AGC of America has submitted comments to the U.S. Department of Labor’s Wage and Hour Division (WHD) asking the agency to clarify its proposed rule implementing Executive Order 13658 (EO), which establishes a minimum wage of $10.10 per hour for direct federal contractors and subcontractors. The new minimum wage impacts covered contracts entered into on or after January 1, 2015. Federally assisted contractors are not affected. The order also mandates that the Secretary of Labor determine a new minimum wage for federal contractors in 2016, and each year thereafter, based on the annual percentage increase in the Consumer Price Index for urban wage and clerical workers.

The proposed regulations cover workers whose wages are governed by the Davis-Bacon Act and the Service Contract Act. The rule would also cover other workers whose wages are governed by the Fair Labor Standards Act (FLSA) for all time spent directly supporting a covered contract. This includes workers who are non-exempt under the FLSA, are not laborers or mechanics as defined by the Davis-Bacon Act, and may or may not work on the site of the covered project. It includes a broad contract clause flow-down requirement and a broad debarment.
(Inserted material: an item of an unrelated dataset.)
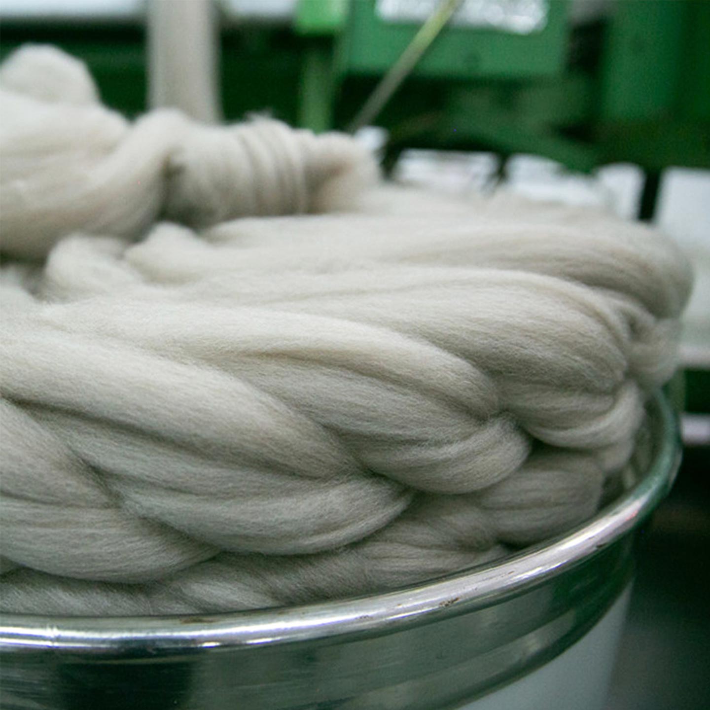 Carding & Spinning: The fibres are carded and spun to create yarns. Carding, a mechanical process, aligns fibres vertically to form a roving yarn. This roving yarn is then spun on a spinning mule to add twist, resulting in premium-quality yarns developed through years of testing.

AGC’s comments urge WHD to:

  • Provide additional clarification and examples of covered contracts and contract-like instruments, including explicit exclusion of subcontracts for materials supplied to construction contractors;
  • Provide additional clarification and examples of covered workers and covered work, including the application of a 20 percent de minimis rule for workers who are not covered by the Davis-Bacon Act;
  • Institute a safe harbor for compliant prime contractors and higher-tier subcontractors instead of holding such contractors responsible for all lower-tier subcontractor violations;
  • Freeze wage rate mandates for the duration of multi-year contracts, or, at the very least, include an adjustments clause in contracts for minimum wage increases;
  • Add outreach efforts to notify contractors of minimum wage increases to the passive notice methods proposed;
  • Clarify how the EO applies to “indefinite delivery, indefinite quantity” contracts; and
  • Restrict use of the debarment process to contractors that willfully or recklessly violate the law.

The EO instructs the Secretary of Labor to issue final regulations by Oct. 1, 2014. AGC will continue to monitor for any new developments and will notify members once final regulations are issued.